Stand: 26.07.2024, 13:31 Uhr

Die erste Szene des Romans spielt in Paris, im Jardin du Luxembourg. Genau diese Szene steht wortgleich auch am Ende des Buches. Man kann gar nicht anders, als nochmal ganz nach vorn zu blättern, um erst dann zu begreifen, welch stilles Drama sich da im Park zwischen zwei alten Menschen abspielt.
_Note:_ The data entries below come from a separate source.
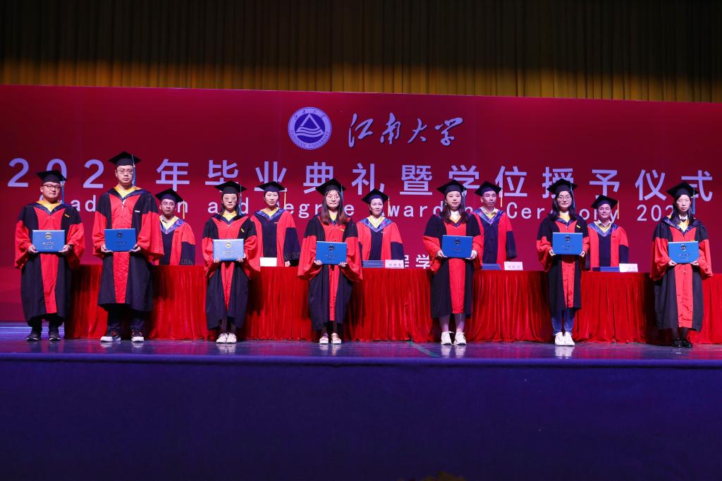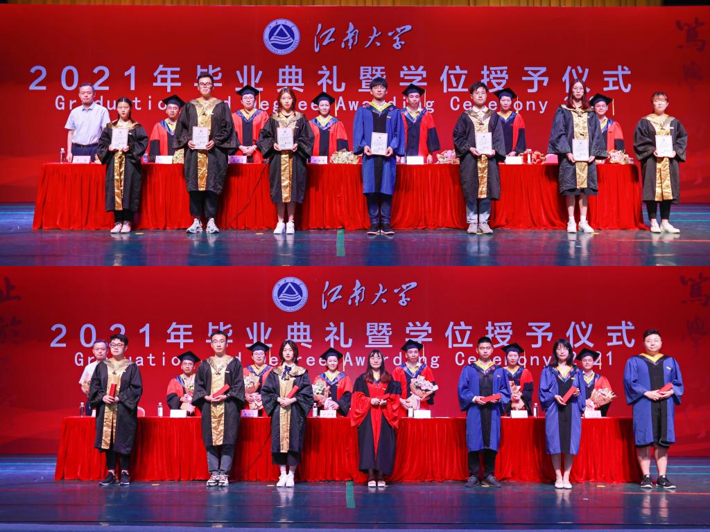 毕业典礼结束后,学位授予仪式隆重举行。毕业班辅导员金钰锁、李灿、洪筱、王志顺为毕业生拨穗正冠,学院领导为毕业生颁发学位证书并合影留念。
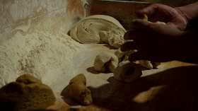 从大盆里取出一坨面
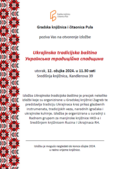 U izložbenom prostoru Gradske knjižnice i čitaonice Pula 12. ožujka 2024. u 11.30 sati svečano će biti otvorena izložba Ukrajinska tradicijska baština / Українська традиційна спадщина koja je pripremljena u sklopu programa Radne grupe za manjinske knjižnice Hrvatskog knjižničarskog društva.
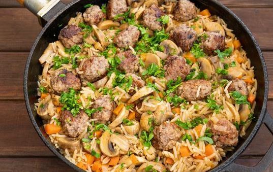Перед подачей присыпьте рис с тефтельками и грибами измельчённой зеленью. Рис с грибами и тефтелями готов!
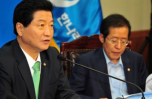 | ▲ 안상수 대표 (사진 왼쪽) 체제가 출범한지 5일이 지났지만 한나라당 지도부의 불협화음은 계속되고 있다. ⓒ뉴시스 |
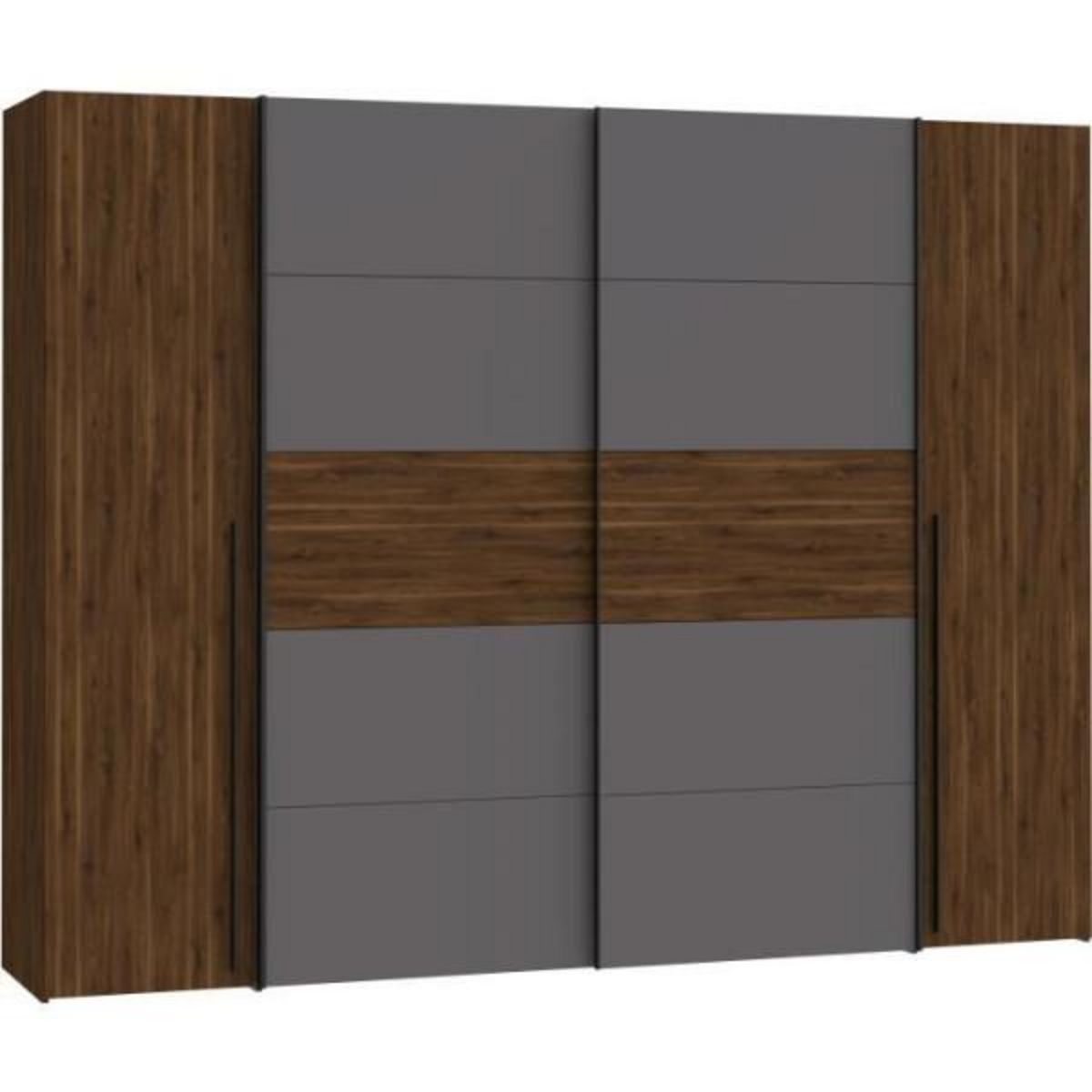 Armoire NARAGO - Décor Noyer Bakersfield et gris - 2 portes coulissantes + 2 portes battantes - L270 x P61 x H210 cm
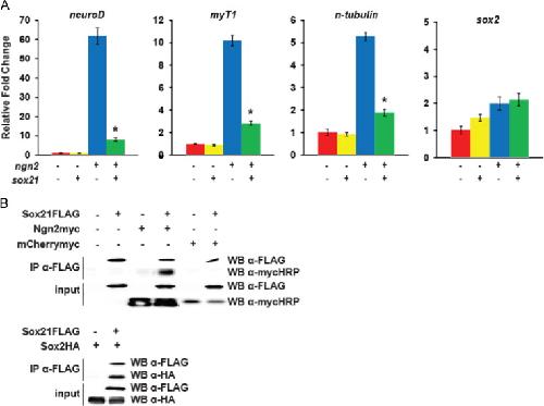 Fig. 4. Sox21 inhibits the expression of neuronal differentiation genes and binds to Ngn2 to counteract its function. (A) Quantitative RT-PCR analysis of neuroD, myT1, n-tubulin and sox2 expression in neurula stage ectodermal explants isolated from embryos injected with ngn2, sox21, or ngn2+sox21. â indicates significance by Student׳s t-test (p<0.05) compared to ngn2 alone. (B) Co-Immunoprecipitation (co-IP) of in vitro translated (IVT) Sox21-FLAG protein with Ngn2-myc or mCherry-myc proteins (top), or Sox2-HA (bottom) protein.
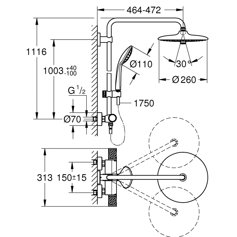 Обмежувач температури, поворотна верхня частина, регулювання ручного душу по висоті, рифлені ручки

Alice und Jules sind 85 Jahre alt, als er sich im Park zu ihr setzt. Mehr als sechzig Jahre davon hat das Ehepaar gemeinsam verbracht. Ganz vorsichtig, ganz sachte dreht die Autorin jetzt Seite für Seite die Uhr zurück. In Jahresschritten, manchmal vier oder fünf, hin und wieder auch nur eines. Gerade so viele, dass man allmählich und mühelos in das Leben dieser beiden Menschen hineinrutscht. Kapitel für Kapitel erlebt, wie sie jünger werden. Wie sich ihr Miteinander verändert. Wo sich die Liebe versteckt und der Hass zeigt. Warum Jules zahlreiche Affären hatte, aber nie bemerkt hat, dass Alice einen anderen liebt.

Ganz allmählich setzt sich die Lebens- aber auch Leidensgeschichte von Alice und Jules wie ein Puzzle zusammen. Begehren und Begierde, Mut und Wut, Resignation und Aufbruch, Leiden und Leidenschaft, alles was ein Leben bereithält, erzählt dieser Roman anders und neu. Schonungslos, liebevoll, erotisch, federleicht und abgründig tief.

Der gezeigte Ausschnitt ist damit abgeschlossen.